Andrew Miller, Oxygen: I picked it up for $5 at the bookstore, really enjoyed it, then realized I had read another of his books in a similar fashion.
Denise Mina, Field of Blood: Totally accidental borrowing from BFF, and now I practically keep her in business. Her first book is the real thing, though--it's the thinking woman's mystery. Gory.
Tim O'Brien, The Things They Carried: a semi-autobiographical book of interlinked short stories about the Vietnam war. I thought there was nothing more anyone could do with the subject post-Apocalypse-Now and Born-on-the-Fourth-of-July, but I was WAY wrong.
Ann Patchett, Bel Canto: another beautifully written book.
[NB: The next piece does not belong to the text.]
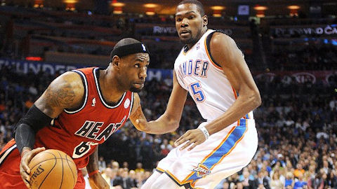 James termine avec 39 pts (14/24), 12 rebonds et 7 passes, tout simplement monstrueux. Chris Bosh confirme lui aussi sa bonne série de match avec 20 pts à 10/13, après son 13/16 contre Portland. Durant aura tout donné en dernier quart temps avec 22 pts, mais face à Miami et un joueur du niveau de James, même les finalistes NBA sont impuissants.

It's hard to explain her way with words if you haven't been there.
Chang-Rae Lee, Native Speaker: It's the Korean-American immigrant story, beautifully told.
Marilyn Robinson, Housekeeping (warning: this book is for style fiends only; it has a plot, but the cool part is that every single word was chosen with care to be the perfect word for its sentence--wow).
Lionel Shriver (who is actually a woman), The Post-Birthday World: A really creative set-up. A woman has the opportunity to kiss an acquaintance of her husband's. Then the book continues in alternating chapters based on whether she did it or not. Shriver has a very unconventional way of looking at the world, to say the least, as you will find if you read We Need to Talk about Kevin (not just another school shooting book, that's for darn sure) and the satire Game Control.
Zadie Smith, White Teeth: Really unusual and really good, it tells the story of two inter-connected immigrant families in the UK. But I totally can't do it justice by describing plot.
Colm Tóibín, Mothers and Sons and The Heather Blazing: I'm a sucker for Irish fiction. I think as a Jew I identify with all the suffering and yearning for a homeland. Toibin is an artist.
What do you guys like? I'm always looking for recommendations . . .
*Funny story: After I compiled the list, I realize there are an awful lot of men on it. Hmm . . . Have to think about it. Also, the number of books that take place in different countries surprised me.